The executive cognitive functions are humans' most advanced component mental operations. Examples of executive functions include manipulating the contents of working memory, inhibiting automatic but inappropriate responses, and flexibly switching between strategies. These functions allow people to make effective decisions, regulate social behavior, and plan ahead. The executive functions are the last to mature in development and are often the first to deteriorate in normal aging as well as mental disorders and neurological injury and disease. Research has yet to fully describe the neural bases of these higher-order mental operations, and understanding the neural bases of the executive functions might provide insight into why some people are better at planning and decision-making than others and allow for more effective intervention and treatment of executive function impairment. The neural bases of the executive functions likely involve networks of neural structures distributed throughout the brain working together in specific temporal sequences, with individual nodes active for only tens of milliseconds. A large literature exists suggesting the prefrontal cortex as a core structure within this network. The research enabled by the dense-sensor array electroencephalography (EEG) system, with extended frontal coverage, investigates the coordinated neural activity underlying the executive functions.

Event-related potentials (ERPs) are scalp recorded neural electrical responses to stimuli and actions embedded in the ongoing EEG. ERPs are an excellent means of assessing the timecourse of functionally relevant neural activity during cognitive processing, and hence a powerful tool for investigating the neural network dynamics that make executive functioning possible. Dense-sensor array EEG, like the 128 channel system here, improves ERP's spatial resolution, allowing better estimation of the neural sources of the scalp-recorded signal. Dense sensor array ERPs allows researchers to examine the neural network activity related to specific cognitive operations.
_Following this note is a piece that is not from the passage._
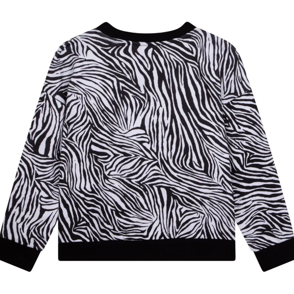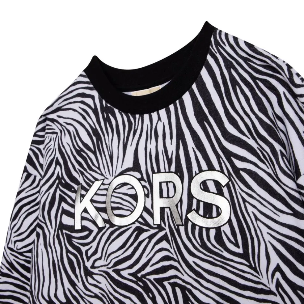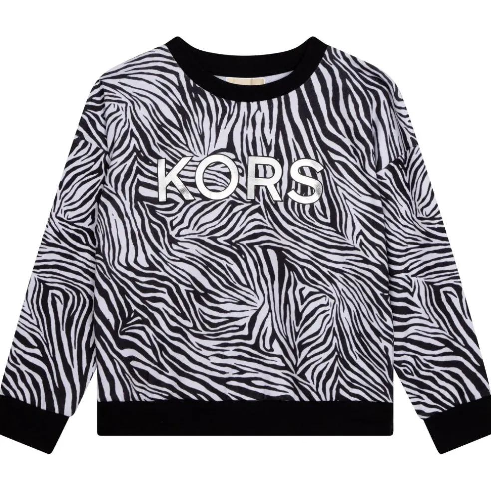 French terry long sleeved sweatshirt with ribbed neckline, cuffs and hemline. Zebra pattern print, with “KORS” logo in metallic print on the front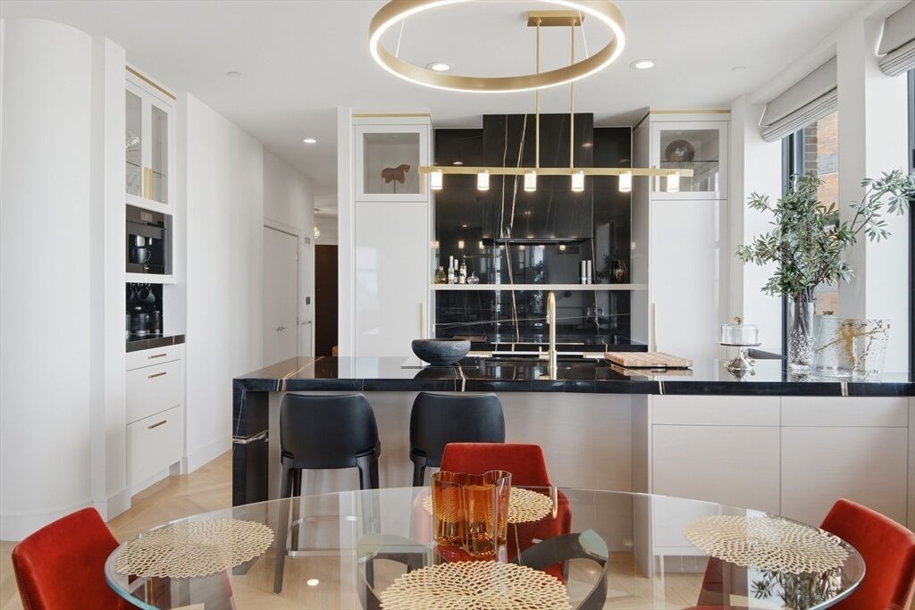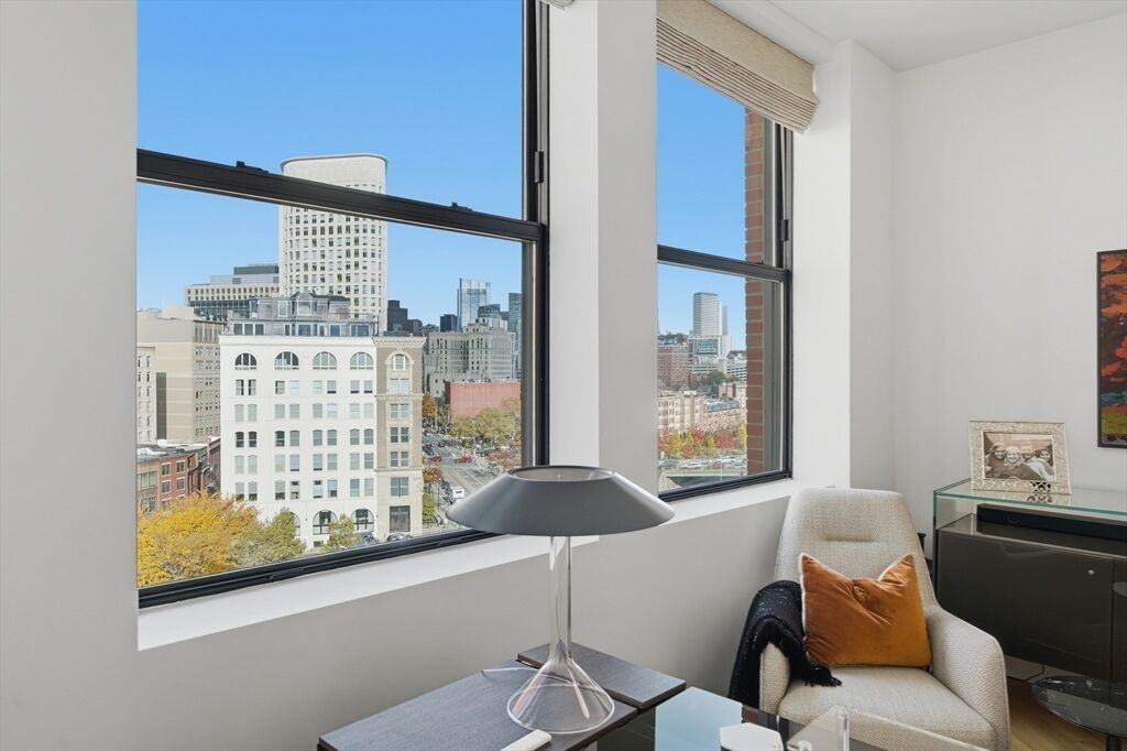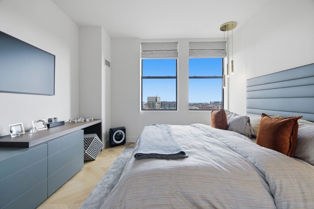 A masterpiece in the sky. This corner penthouse in a boutique elevator building offers sweeping downtown skyline and South End brownstone views. Completely reimagined in 2023, the residence blends refined luxury with modern comfort. Walls of oversized windows bathe the home in natural light, highlighting 10-ft ceilings and wide-plank white oak floors. The chef’s kitchen showcases designer cabinetry, Sub-Zero refrigeration, a Miele induction cooktop and oven, bespoke wine display, and touchless faucets. A book matched marble fireplace surround with bench seating anchors the living space. Spa-inspired baths feature a Thermosol steam shower, soaking tub, heated floors, and towel bars. Smart home upgrades include Ecobee thermostats, Lutron Roman shades, and full security system. California Closets provide tailored storage, and a new AC/heat pump ensures year-round comfort. With custom chandeliers and Jeffries silk wallcoverings, this penthouse defines modern South End perfection.

Researchers will use this system to study learning and memory, potentially improving learning strategies, individual differences in risky decision-making (why some individuals make riskier choices than others), attention selection (how the brain may use economic principles, like expected value, to allocate its limited capacity processing resources), and other executive functions, their variability across individuals, and their disruption in neurological injuries (e.g. mild traumatic brain injury) and disease (e.g. Huntington's disease).